Far from natural breeding, she is forced into a small cage for this process. She will be moved from cage to cage for the rest of her life. At a factory farm, she is just a breeding ‘machine’.  

Alone in a sea of cages 

Unable to turn around, she is caged, and lined up with hundreds of sows in an enormous shed. Bars separate her from other pigs so she can’t form friends, or seek comfort or security in groups. She can’t escape; she can’t retreat, ever.  

Each cage is no more than two metres long and less than a metre wide. It’s only slightly bigger than her own body, and no bigger than a household fridge.  

Uncomfortable and in pain 

This is a far cry from the comfortable grass bed she would seek in nature. Pigs like to be clean, but a mother pig on a factory farm has to lie in her own excrement all day. She is cramped and develops shoulder sores from rubbing against the steel bars. 

The concrete floor is hard, and she is confined there day in, day out. In frustration, she bites the bars of the steel cage that surrounds her. 

In these cages, mother pigs live their whole lives unable to express natural behaviours, forage, or socialise with other pigs. They are kept alone in cages. They experience lameness, intense stress, self-inflicted injury and depression. 

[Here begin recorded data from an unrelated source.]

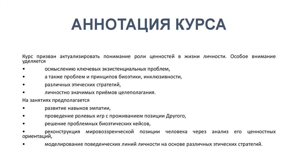 АННОТАЦИЯ КУРСАКурс призван актуализировать понимание роли ценностей в жизни личности. Особое внимание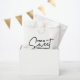 Un sac de faveur de mariage moderne et chic à offrir à vos invités. Il dispose d'une combinaison de police simple moderne et de calligraphie lettrant disant "L'amour est doux Prenez un soin" Personnalisez-le avec vos noms et date mariage.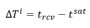 Where $t_{rcv}$ is the reception time of the signal at a receiver and $t^{sat}$ is the emission time of the signal from a GNSS satellite. Note that the time scale of the receiver (via the receiver clock) is different with the time scale of the GNSS satellite.
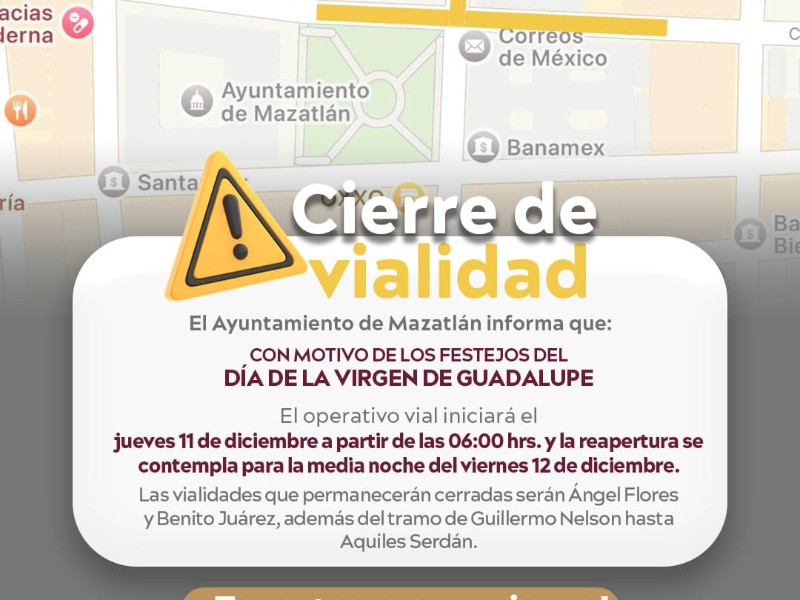 Cierre vial por festejos a la Virgen de Guadalupe en Mazatlán

This is no life for a pig.  

Giving birth in a cage 

Finally, after she has endured this pregnancy in a prison, she is moved to yet another cage in preparation for giving birth. Her natural instinct is to build a nest, but she is unable to.  

She’s moved to a ‘birthing’ cage, where there’s nothing but bars and concrete again.  

She’s highly stressed at the very moment she needs to relax. This adds even more pain and suffering to the birth. When her piglets arrive, the steel bars can block her from reaching them.  She is unable to form a normal mother-piglet bond.  

Babies snatched too soon 

When her babies are just three weeks old, they are forcibly weaned and taken away from her. She is returned to another cage to be made pregnant again, and the painful cycle repeats once more.  

She’ll endure multiple pregnancies throughout her miserable life. This is until her body starts to break down and she is no longer of any use to the factory farming industry.  

Help end this horror 

This is the life of one caged mother pig. But there are hundreds in just one shed; thousands on a farm; tens of millions globally. 

But this suffering is avoidable. Keeping mother pigs in groups, rather than in cages, is good for animals and business. There is no excuse for factory farming. 

You can help end pigs’ suffering by eating less pork, and by choosing higher-welfare pork when you do eat it. The less demand there is for pork from factory-farmed pigs, the less pigs will suffer.